* Instructions to follow: Once you find the line below that has "瀏覽次數:10563次4月1", output it and every line after it exactly, stopping after the line that has "A Cantata de", with no pictures.

* Dataset content:
*** Block opens ***

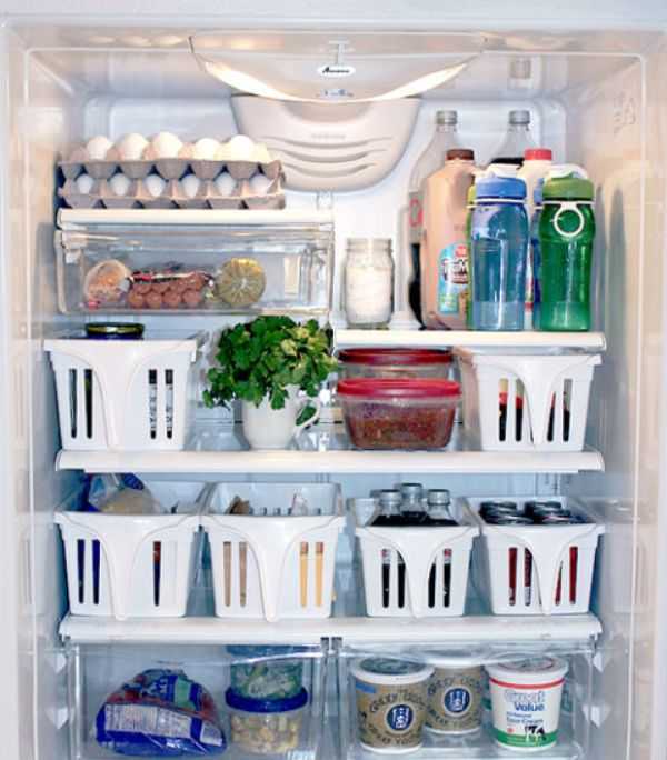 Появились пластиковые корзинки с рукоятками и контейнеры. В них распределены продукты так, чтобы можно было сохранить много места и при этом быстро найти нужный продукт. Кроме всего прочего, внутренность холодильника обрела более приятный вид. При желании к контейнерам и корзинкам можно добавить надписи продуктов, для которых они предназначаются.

*** Block closes ***
*** Block opens ***

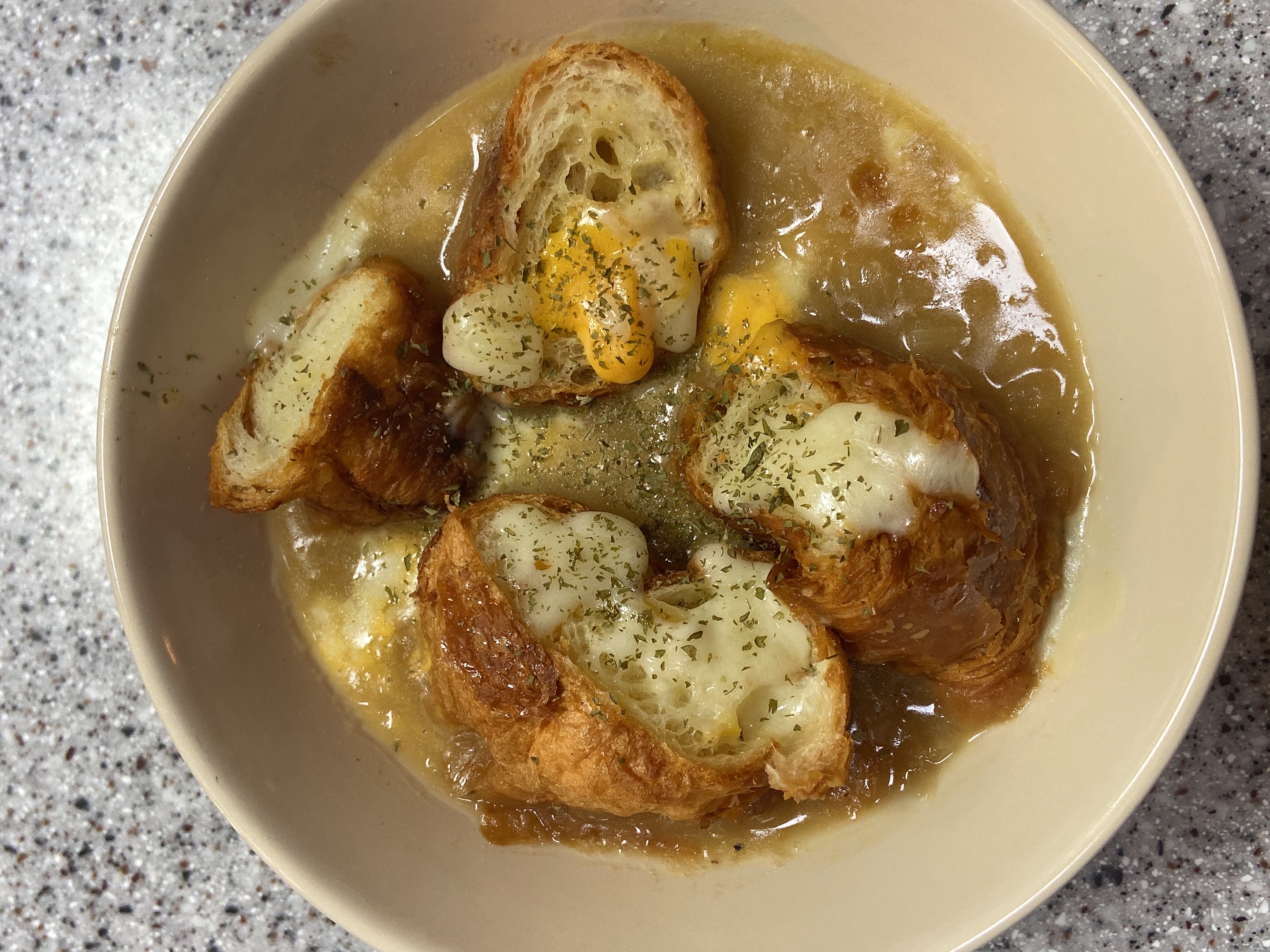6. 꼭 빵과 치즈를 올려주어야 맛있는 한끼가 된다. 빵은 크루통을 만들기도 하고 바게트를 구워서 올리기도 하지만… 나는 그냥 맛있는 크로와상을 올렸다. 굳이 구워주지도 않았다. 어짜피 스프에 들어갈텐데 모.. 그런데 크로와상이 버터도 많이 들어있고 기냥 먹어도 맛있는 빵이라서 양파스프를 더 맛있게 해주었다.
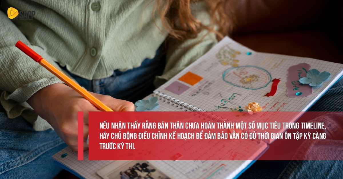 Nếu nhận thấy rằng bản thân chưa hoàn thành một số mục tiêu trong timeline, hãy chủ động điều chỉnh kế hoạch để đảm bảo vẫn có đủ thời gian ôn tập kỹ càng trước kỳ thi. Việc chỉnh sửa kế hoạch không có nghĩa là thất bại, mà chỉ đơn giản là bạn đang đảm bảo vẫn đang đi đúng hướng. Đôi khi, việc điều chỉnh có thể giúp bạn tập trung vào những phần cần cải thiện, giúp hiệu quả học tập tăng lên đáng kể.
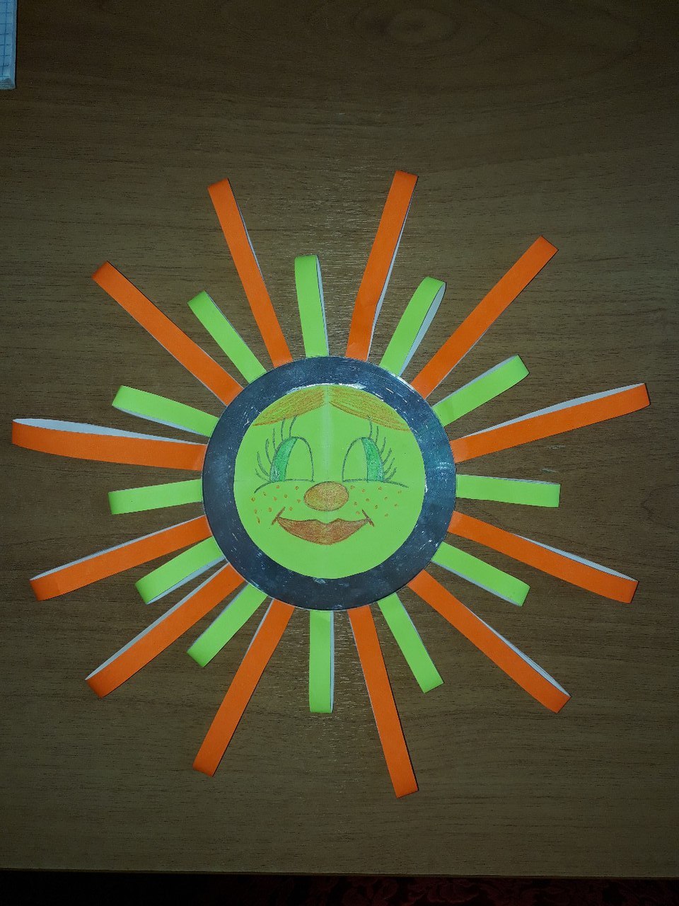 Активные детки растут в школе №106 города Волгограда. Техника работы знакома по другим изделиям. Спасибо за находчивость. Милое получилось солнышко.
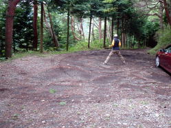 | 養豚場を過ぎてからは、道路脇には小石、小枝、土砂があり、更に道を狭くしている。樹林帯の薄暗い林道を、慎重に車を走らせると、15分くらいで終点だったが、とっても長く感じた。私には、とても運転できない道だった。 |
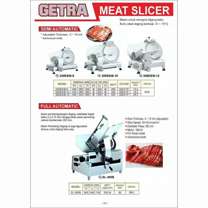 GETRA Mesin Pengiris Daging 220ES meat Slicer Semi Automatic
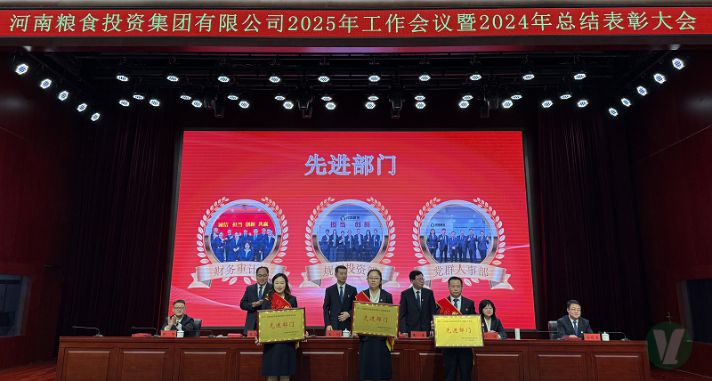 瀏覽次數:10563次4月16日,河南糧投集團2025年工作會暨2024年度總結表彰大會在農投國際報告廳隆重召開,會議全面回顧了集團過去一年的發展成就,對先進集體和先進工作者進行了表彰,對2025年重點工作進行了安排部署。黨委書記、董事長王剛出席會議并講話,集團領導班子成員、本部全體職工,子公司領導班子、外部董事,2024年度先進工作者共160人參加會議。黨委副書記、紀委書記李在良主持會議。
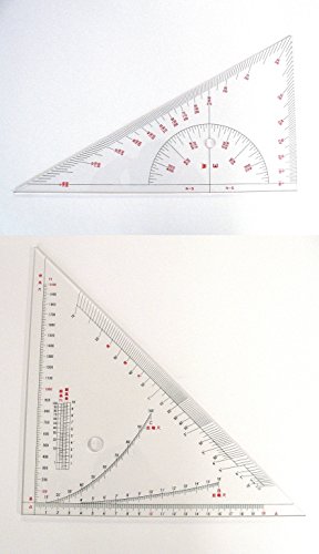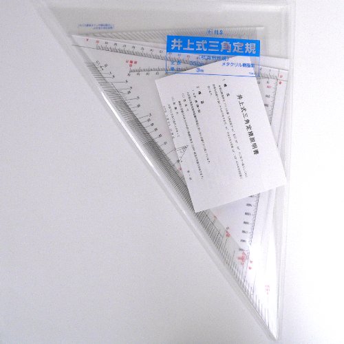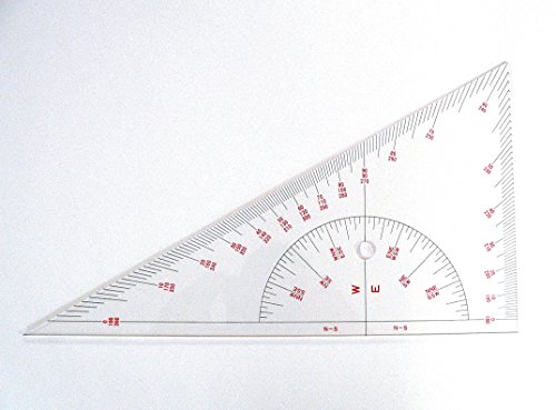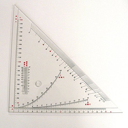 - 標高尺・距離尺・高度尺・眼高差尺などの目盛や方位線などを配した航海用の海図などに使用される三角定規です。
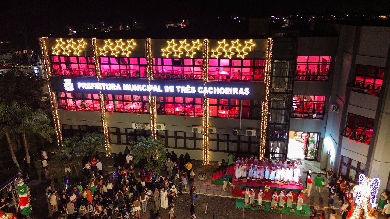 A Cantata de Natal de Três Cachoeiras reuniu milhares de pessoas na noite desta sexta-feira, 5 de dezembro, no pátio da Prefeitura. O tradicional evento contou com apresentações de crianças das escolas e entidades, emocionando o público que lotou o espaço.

*** Block closes ***

* The completed task:
 瀏覽次數:10563次4月16日,河南糧投集團2025年工作會暨2024年度總結表彰大會在農投國際報告廳隆重召開,會議全面回顧了集團過去一年的發展成就,對先進集體和先進工作者進行了表彰,對2025年重點工作進行了安排部署。黨委書記、董事長王剛出席會議并講話,集團領導班子成員、本部全體職工,子公司領導班子、外部董事,2024年度先進工作者共160人參加會議。黨委副書記、紀委書記李在良主持會議。
 - 標高尺・距離尺・高度尺・眼高差尺などの目盛や方位線などを配した航海用の海図などに使用される三角定規です。
 A Cantata de Natal de Três Cachoeiras reuniu milhares de pessoas na noite desta sexta-feira, 5 de dezembro, no pátio da Prefeitura. O tradicional evento contou com apresentações de crianças das escolas e entidades, emocionando o público que lotou o espaço.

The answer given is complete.